The NPPTL has also published a guideline for using non-NIOSH masks instead of the N95 in the COVID-19 response. The OSHA has a similar document. The following respirator standards are considered similar to N95 in the US:
- Japanese DS2/RS2 (JMHLW-Notification 214, 2018): EU-like grades with two-letter prefix – first letter D/R stands for disposable or replaceable; second letter S/L stands for dry (NaCl) or oily (DOP oil) particles. Japanese DS2 respirators are made by companies such as Hogy Medical, Koken, Shigematsu, Toyo Safety, Trusco, Vilene and Yamamoto Safety.
- Mexican N95 (and others) (NOM-116-2009): same grades as in NIOSH.
- Brazilian PFF2 (ABNT/NBR 13698:2011): EU-like grades.

==Disinfection and reuse==
Hard filtering facepiece respirator masks are generally designed to be disposable, for 8 hours of continuous or intermittent use. One laboratory found that there was a decrease in fit quality after five consecutive donnings. Once they are physically too clogged to breathe through, they must be replaced.

Hard filtering facepiece respirator masks are sometimes reused, especially during pandemics, when there are shortages.
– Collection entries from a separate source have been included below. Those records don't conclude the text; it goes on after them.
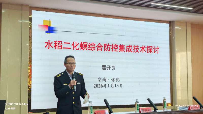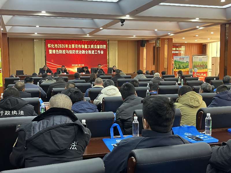 1月13日,怀化市2026年主要农作物重大病虫害防控暨绿色防控与统防统治融合推进工作会召开。针对今冬明春农业生产需求,会议安排部署了柑橘黄龙病疫情防控、冬季蔬菜安全生产、油菜菌核病防控、绿色防控与统防统治融合推进等重点植保植检工作,为全年农业丰产筑牢防线。全市13个县(市、区)植保植检相关负责人、21家专防组织负责人及80名种粮大户齐聚一堂,共学农作物病虫害防控良策。
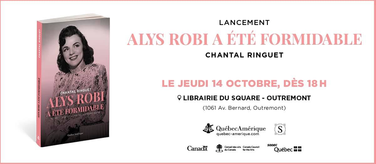 Chantal Ringuet, membre associée du CELAT, publie chez Québec Amérique le livre Alys Robi a été formidable, qui arrivera en librairie le 13 octobre 2021. Joignez-vous à l’autrice pour célébrer le lancement de l’ouvrage à la librairie du Square à Outremont le jeudi 14 octobre dès 18 h. Réservez votre billet ici.
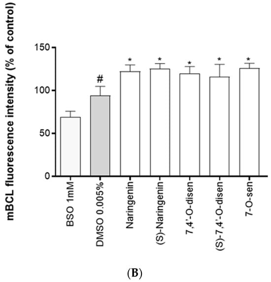 Effect of naringenin and senecioic acid ester derivatives on astrocytes’ glutathione (GSH) depletion using the monochlorobimane (MCB) test. (A) Images of astrocyte cultures 24 h after treatment with D,L-buthionine-(S,R)-sulfoximine (BSO, 1 mM) or with the flavonoids naringenin, (S)-naringenin, 7,4′-O-disen, (S)-7,4′-O-disen, or 7-O-sen at 5 µM; control cultures were treated with equivalent volumes of the vehicle of flavonoid dilution (DMSO 0.005%); objective 10x, scale bars = 50 nm. (B) Graph showing the relative fluorescence measurement; values are mean ± SEM (n = 3); Data were analyzed using One-way ANOVA followed by Tukey’s multiple comparisons post-test. (*) indicates a statistical difference relative to the negative control (DMSO 0.005%); (#) indicates a statistical difference (p < 0.05) between the negative and positive control BSO (1 mM).
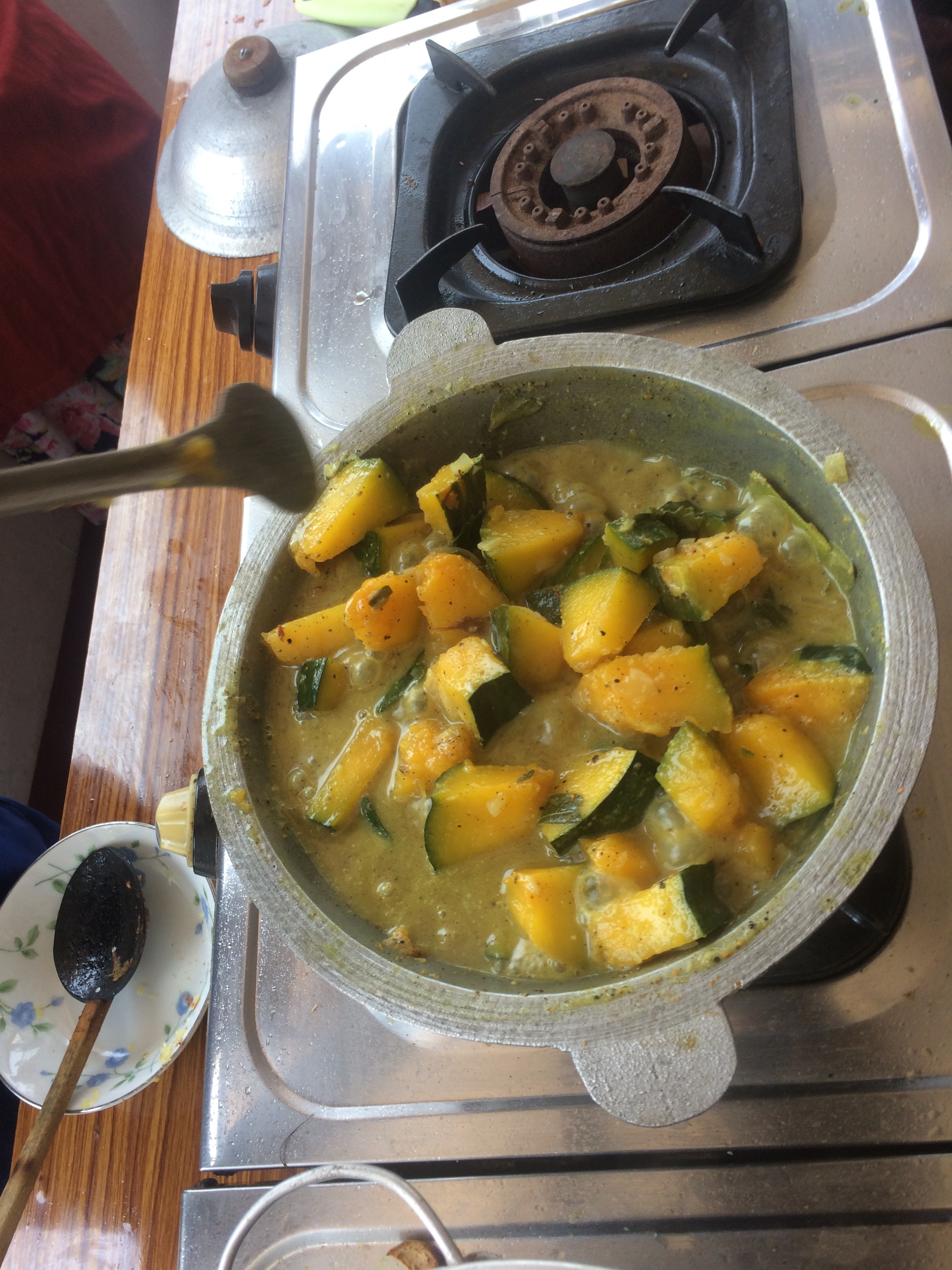 Then we made curry. Curry is a very common dish in Asia. It is spicey. Sometimes it can be yellow. It can also be red, green, white. It is always eaten with rice. (Which we love…)
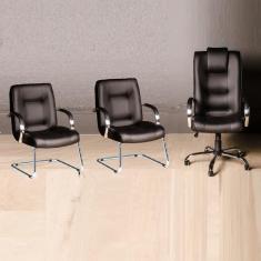 O menor preço encontrado no Brasil para Kit Cadeira Escritório Classic Preta - 1 Giratória + 2 Fixas atualmente é R$ 2.551,12.
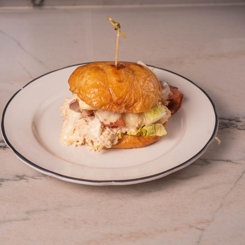 Seasonal Special: House made chicken salad with bacon, lettuce, Sunday sauce and melted Swiss cheese on a toasted Poupart croissant.
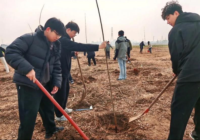 植树活动中,入党积极分子分工协作、配合默契,完成扶苗、培土、压实等植树工序。经过一番忙碌,一株株新栽的树苗在黄河畔迎风挺立,错落有致的绿意为春日的河岸增添了勃勃生机,也承载着全体志愿者守护母亲河、共建绿色家园的坚定信念与美好愿景。
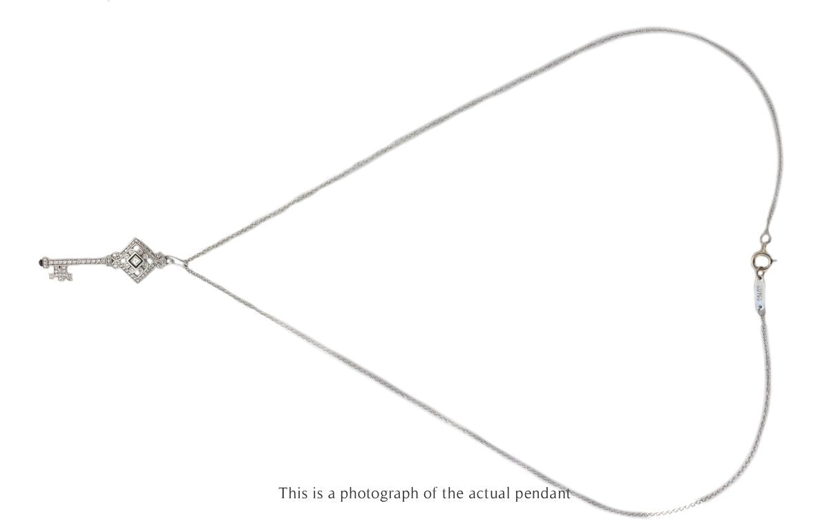 Tiffany & Co. Diamond & Enamel Key Pendant in 18k White Gold

Infectious particles could survive on the masks for up to 24 hours after the end of use, according to studies using models of SARS-CoV-2; In the COVID-19 pandemic, the US CDC recommended that if masks run short, each health care worker should be issued with five masks, one to be used per day, such that each mask spends at least five days stored in a paper bag between each use. If there are not enough masks to do this, they recommend sterilizing the masks between uses. Some hospitals have been stockpiling used masks as a precaution. The US CDC issued guidelines on stretching N95 supplies, recommending extended use over re-use. They highlighted the risk of infection from touching the contaminated outer surface of the mask, which even professionals frequently unintentionally do, and recommended washing hands every time before touching the mask. To reduce mask surface contamination, they recommended face shields, and asking patients to wear masks too ("source masking").

Apart from time, other methods of disinfection have been tested. Physical damage to the masks has been observed when microwaving them, microwaving them in a steam bag, letting them sit in moist heat, and hitting them with excessively high doses of ultraviolet germicidal irradiation (UVGI). Chlorine-based methods, such as chlorine bleach, may cause residual smell, offgassing of chlorine when the mask becomes moist, and in one study, physical breakdown of the nosepads, causing increased leakage. Fit and comfort do not seem to be harmed by UVGI, moist heat incubation, and microwave-generated steam.

Some methods may not visibly damage the mask, but they ruin the mask's ability to filter. This has been seen in attempts to sterilize by soaking in soap and water, heating dry to 160 C, and treating with 70% isopropyl alcohol, and hydrogen peroxide gas plasma (made under a vacuum with radio waves). The static electrical charge on the microfibers is destroyed by some cleaning methods. UVGI (ultraviolet light), boiling water vapour, and dry oven heating do not seem to reduce the filter efficiency, and these methods successfully decontaminate masks.

UVGI (an ultraviolet method), ethylene oxide, dry oven heating and vaporized hydrogen peroxide are currently the most-favoured methods in use in hospitals, but none have been properly tested. Where enough masks are available, cycling them and reusing a mask only after letting it sit unused for five days is preferred.

It has been shown that masks can also be sterilized by ionizing radiation. Gamma radiation and high energy electrons penetrate deeply into the material and can be used to sterilize large batches of masks within a short time period. The masks can be sterilized up to two times but have to be recharged after every sterilization as the surface charge is lost upon radiation.

A recent development is a composite fabric that can deactivate both biological and chemical threats.